The Art Of Authenticity


We can tell when others give us something out of obligation, or when their generosity is genuine and unconditional.

Authenticity is one of our greatest gifts to ourselves. The way we know we are being authentic is whether we are the same around people as we are behind closed doors. Frankly, this is the best ‘self’ we can manage to express because, alternatively, with so many layers of “the unseen,” authenticity can get lost in the enormous black abyss of duplicity and facades.


If who you are when others can’t hear or see you is different than the way you are with people, then perhaps one of the best questions to ask yourself is what you have to hide? There is no reason why you can’t be you. The only person stopping you from being your most organically natural self is you, and one of the only excuses we can conjure up is that we’re too fearful of the world’s prejudice.

What is it about the world’s censure that makes us so afraid to be authentic? Are we afraid of being unaccepted? As every day ends, what matters most is that we are honest with ourselves. This is pivotal to accepting ourselves, as well as the enabling of others accept our most real selves, and not some false version of us as influenced by the world.

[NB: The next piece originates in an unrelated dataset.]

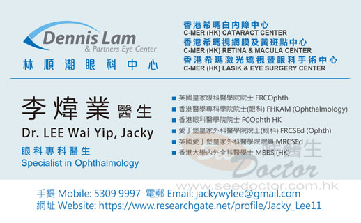 本人是由視光師建議看眼科醫生的,當時有些迷惘,因為本人只有看過幾次而家那些醫生亦上了年紀,看李醫生都是機緣巧合下,因為本人公司的醫療保險是李醫生集團有的,原本是由我同事介紹下看集團另一位醫生的,當日打去預約時,有位男同事說早上有位,幫我預約了李醫生,剛巧診所在我公司附近,本人就即日前往,當見到李醫生的時候已講解問題所在,並指出眼部有什麼疾病,並且建議做一個小手術,當第二次見面時李醫生為本人做手術亦很有耐性解釋是次手術,另外亦會跟進第一次見面時所建議的方案,另外本人家人亦由視光師,發現眼壓高問題,整本人即時介紹給家人,家人見醫生時,亦解釋得很清楚,並向家人說做那個檢查時是不會收取另一次診金,現在本人和家人都需要定期覆診,每次醫生都很有耐性和解釋得很清楚,醫德很好值得推介
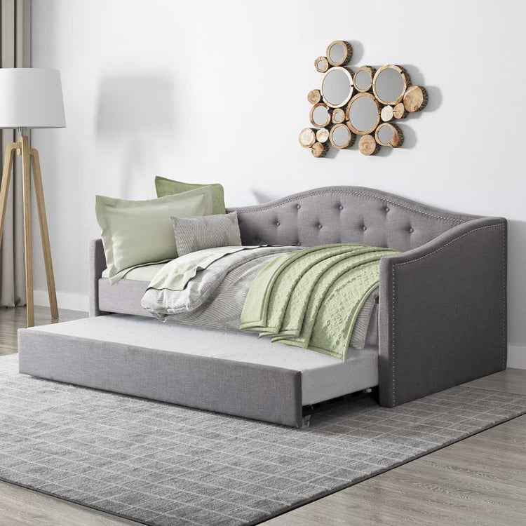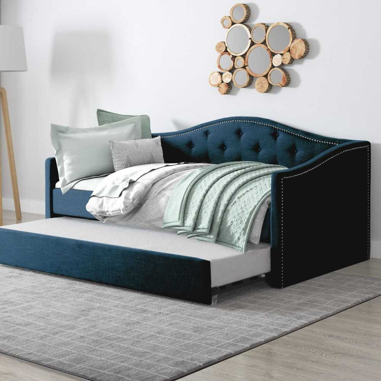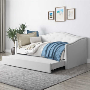 Experience the luxury of hosting overnight guests in style with the Luxemburg Daybed with Trundle. Elegantly detailed with tufted backboard, nailhead trim, and timeless silhouette, this daybed set will provide a sophisticated and exclusive look to your room. Its convenient trundle will provide a comfortable sleeping area for sleepover guests or visiting relatives.

One truth that I love to refer back to is the authenticity of Jesus Christ. Even as the Pharisees would try to trap Him in a political or theological lie, He always minimized their religious quarrels with a more powerful rebuttal. Jesus’ authenticity drew crowds around Him. His character was genuinely loving, bold, obstinately true. His words were used for the amelioration of others; His rebukes always righteous. Oppositely, an inauthentic person draws hypocrisy inside, dividing their ratiocination between self-deprecation and the extrapolation of self-worth by worldly judgment.


In relationships, authenticity requires us to know who we are, what we want, and how we feel. It also asks that we have a matured sense of selflessness; spacial enough to allow us to extend our greatest and most distinguishing human quality: to love others unconditionally. If we are not the truest version of ourselves with others, these characteristics are obscured, maybe even to ourselves, and therefore, are more difficult to imbue into our being.

Additionally, while we can’t stop others from judging our authentic selves. What we have control over is merely the way we handle others judgment. The weight we place on the opinion of the people we feel judged by reveals our level of dependency on their approval for validation.


Amelioration is the betterment of something. The amelioration of a person means to better oneself; straightening out our priorities, and choosing to love rather than being selfish. The deterioration of character is our choice to allow the criticism of this world to conquer our thoughts, our choices, and lastly, our actions. Letting this happen is the picture of giving back to the world what we receive from it: pain, bitterness, judgment, and resentment. These, however, are not effective constituents for self-improvement. Our best selves would not ridicule, vindicate, or even the score with those who caused us turmoil and hardship; Jesus taught this to us by dying on the cross when He’d done no wrong.

I challenge you to see for yourself as authenticity shapes you, and to burrow through what may be causing you to procrastinate, or altogether be afraid of what the best version of you looks like. Genuineness comes with accepting who we are, which means liking who we are—flaws and all. All the multifarious ways  people are unique, different, and stand out, may not always be welcomed by the world. That is a truth we have to accept while living in a world corrupted by sin. This doesn’t make us any less worth who we are, and this shouldn’t stop us from being more like ourselves. Whether you to sing loud in the shower, or you listen to one song every day for hours back-to-back, there is nothing wrong with having parts of your character which others simply don’t understand or appreciate. These are still parts of you which do not change your worth. In fact, these define you more because they are unique to you. They inspire you to think and be what others aren’t, and others could never be you.


There is nothing quite more extraordinary than being who you are, all the time. Being anyone else is robbing the world of something magnificent, treasurable, and unique. If you find others who don’t take notice, just keep on being you. Someone will see you and love what they find. You are a sight and a character to behold, and everything about you is screaming that. Let those who have ears to hear and eyes to see appreciate the parts of you which no one else can replicate or copy; to witness the parts of you that inspire, motivate, and bring out the most authentic aspects from others as well. We are all inspirations. We are all role models—if we bring out our most authentic selves and allow them to bloom.

In closing this post, I want to mention how I love the concept of a flower being an exemplar of authenticity, as inanimate as a flower is. Like a flower, we need to be exactly the way we were designed to be. A flower can’t be anything but a flower, and we can’t be anything but human. But, a flower won’t try to be a different kind of flower, so, why should we pretend we are like someone or something we’re not? A flower is a flower, or it’s nothing at all. What does that say about us? What does that say about us as a society?


We were meant to be seen and embraced, and we have much to show the world. The world has much to see and learn from us. We all have something to learn from each other. And when we finally get through to someone, we can point them towards the Source of all authenticity: Christ Himself.

Take your first step and show the world what you’re made of. The world needs the real you.